Peterman noted that some Black community groups – CBCC, California Black Health Network, United Negro College Fund and others – had signed on to work with the campaign.
Harking back to Evans suggestion though, Wilson said more must be done to reach African-American businesses and communities.
“Television marketing may incidentally reach some African Americans, but that isn’t reason enough to skip over Black newspapers and media organizations,” said California Black Media Chairwoman Regina Wilson.
“Our media owners have developed a deep relationship with the Black community that’s quite different than the one with broadcast. If you want to run a successful communications campaign, it doesn’t make much sense to exclude Black print, digital and radio. This just sounds like a reason not to invest in our community.”
Wilson, also suggested the lack of a specific Black-focused outreach for the campaign could be why the utility companies analyzed for Greenling’s study struggle to find Black businesses to contract with.
The utility giants evaluated for the study included AT&T Wireless, Sprint Wireless, T-Mobile, Verizon Wireless, Edison, SoCal Gas, PG&E, SDG&E, AT&T CA, Comcast, Cox, Frontier, CalAmWater, Cal Water, Golden State Water, Park/Apple Valley, San Gabriel Valley Water, San Jose Water and Suburban Water Systems.
The 19, the 53-page report outlined, spent 80.27 percent of their contracting dollars with non-minority businesses. The titans spent $9.5 billion on contracts with 978 diverse suppliers including $6.38 billion with minority outfits, $2.84 billion with women firms and $431 million with service-disabled veteran businesses.
The lion’s share of the contracting monies – over 70 percent – the enterprises spent with minority suppliers went to Hispanic and Asian-American companies.
Greenlining’s report evaluated and graded the firms on the amount of money spent on diverse and minority suppliers, the number of staff members dedicated to improving supplier diversity and how much money the corporations invested in supplier diversity programs.
Some companies – PG&E ($229.94 million), Cox ($252.08 million) and Sprint ($225.47 million) – spent several multi-millions on contracts with Black businesses. Others spent finite amounts – Comcast ($2.50 million), T-Mobile ($5.05 million), Frontier ($570,941) and Park/Apple Valley ($0).

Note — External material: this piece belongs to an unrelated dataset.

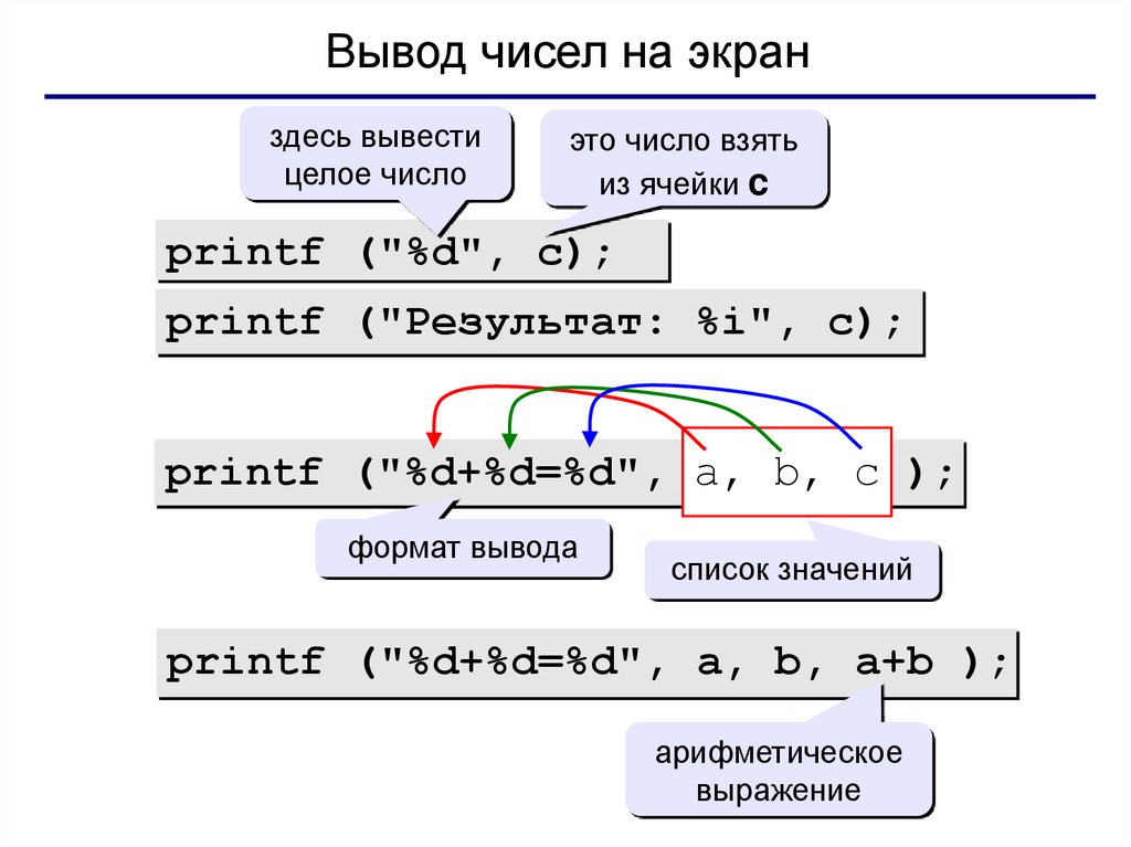 Вывод чисел на экранздесь вывести

Beavers commended PG&E, officially known as Pacific Gas & Energy, for the amount of money it spent on supplier diversity and the number of people working on supplier diversity.
In a press release announcing the study, Greenlining denigrated Comcast due in part to the cable provider awarding Black establishments a smidge above one half of one percent of its contracting funds.
“We can’t help but be disappointed that a huge and influential company like Comcast shows so little regard for California businesses owned by minorities, women, disabled veterans and LGBT Californians,” Beavers said.
Comcast acknowledged its diversity spending was challenged in its diversity report. The corporation blamed the dire straits of its diversity program on a supplier diversity coordinator leaving the company and the loss of its biggest “diverse prime construction contractor in 2014.” Comcast said it hired a nationally-known diverse prime contractor last year, but the vendor, certified as a minority-business nationally, was ineligible to be recognized as a minority firm in California.
Beavers said some establishments might lack a strong commitment from their CEOs or the resources and personnel numbers to excel in supplier diversity. She said corporations look for the same things in minority suppliers as they do in businesses led by white males; a firm that will help them move towards their goals and address problems.
Beavers conceded there must be a concerted initiative to increase the number of Black businesses that get contracts with utility giants though.
“We see that in every industry when looking at supplier diversity, African-Americans are struggling to secure these opportunities,” she said. “That’s dangerous.”